Acwing3715. Minimum exchange times (simulation idea of bubble sorting method)

Given a  1∼N The random arrangement of , It is required that only two adjacent numbers can be exchanged at a time , So how many times do you need to exchange at least to make the sequence order from small to large ？

Please find out the minimum exchange times of a sequence to be sorted and the corresponding reverse sequence .
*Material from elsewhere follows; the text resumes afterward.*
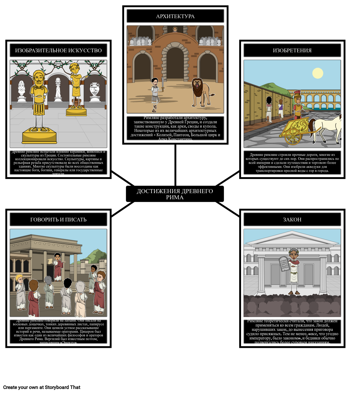 Римляне разработали архитектуру, заимствованную у Древней Греции, и создали такие конструкции, как арки, своды и купола. Некоторые из их величайших архитектурных достижений - Колизей, Пантеон, Большой цирк и Арка Константина.
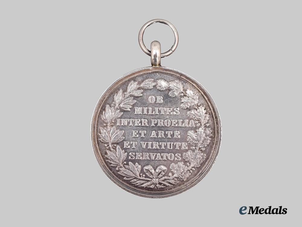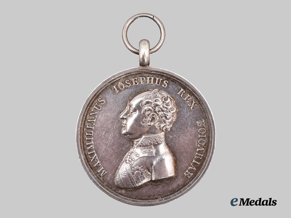 (Silbernes Militär-Sanitätsehrenzeichen). Instituted 8 November 1812 by King Maximilian I Joseph. (1871-1918 issue). Constructed of silver, on loop for suspension, the obverse bearing a raised and leftward-facing profile of King Maximilian I Joseph, circumscribed by name and title in Latin, the reverse bearing a wreathed inscription of “OB MILITES INTER PROELIA ET ARTE ET VIRTUTE SERVATOS” (“FOR RESCUE CARRIED OUT WITH SKILL AND COURAGE IN WAR”), the obverse engraver marked “LOSCH”, measuring 40.72 mm in diameter, weighing 28.8 grams, accompanied by its original presentation case, constructed of a pressed card stock frame with a faux maroon leather exterior liner, the interior with a white rayon lid liner and a dark blue felt medal bed, closing with a functional metal snap button, unmarked, measuring 60 mm (w) x 75 mm (l) x 20 mm (h), a high-quality recipient’s replacement piece or exhibition example produced c. 1930, in near extremely fine condition.

Reverse sequence ： Given  n  Number  1,2,…,n An arrangement of  a1a2…an, Make  bi Yes number  i  The number in reverse order in this arrangement , let me put it another way ,bi  Equal to before  i  More than  i  The number of those numbers . The sequence  b1b2…bn It's called permutation  a1a2…an The reverse sequence of (inversion sequence).

Input format

The first line is an integer  N.

One in the second line  1∼N Permutation .

Output format

The first row outputs the reverse sequence , The numbers are separated by spaces .

The second line outputs the minimum number of exchanges .

Data range

1≤N≤1000

sample input ：

8
4 8 2 7 5 6 1 3

sample output ：

6 2 5 0 2 2 1 0
18

To keep the sequence in order , The elements in the reverse order pair must directly or indirectly change their relative positions , And in the title Only adjacent elements can be exchanged , Therefore, each exchange can only eliminate one reverse pair at most So the minimum number of exchanges is the number of pairs in reverse order ( Sum of reverse sequence ) 

#include <iostream>
#include <cstring>
#include <algorithm>

using namespace std;

const int N = 1e3 + 10;

int n, res;
int a[N], b[N];

int main()
{
    cin >> n;
    for (int i = 1; i <= n; ++i)
        cin >> a[i];
    for (int i = 1; i <= n; ++i)
        for (int j = 1; j < i; ++j)
            if (a[j] > a[i])
                b[a[i]]++;
    for (int i = 1; i <= n; ++i)
        printf("%d ", b[i]), res += b[i];
    printf("\n%d\n", res);
    return 0;
}

Algorithm ideas
For the first small problem , direct Violent simulation bubble sort .
For the second small problem , Now find the corresponding number in the array , Then just enumerate .

Time complexity
Bubble sort complexity is O(n^2) Of . Find that both numbers and enumerations are linear , Plus sequence enumeration , stay O(n^2) about . Sum up , The time complexity is O(n^2).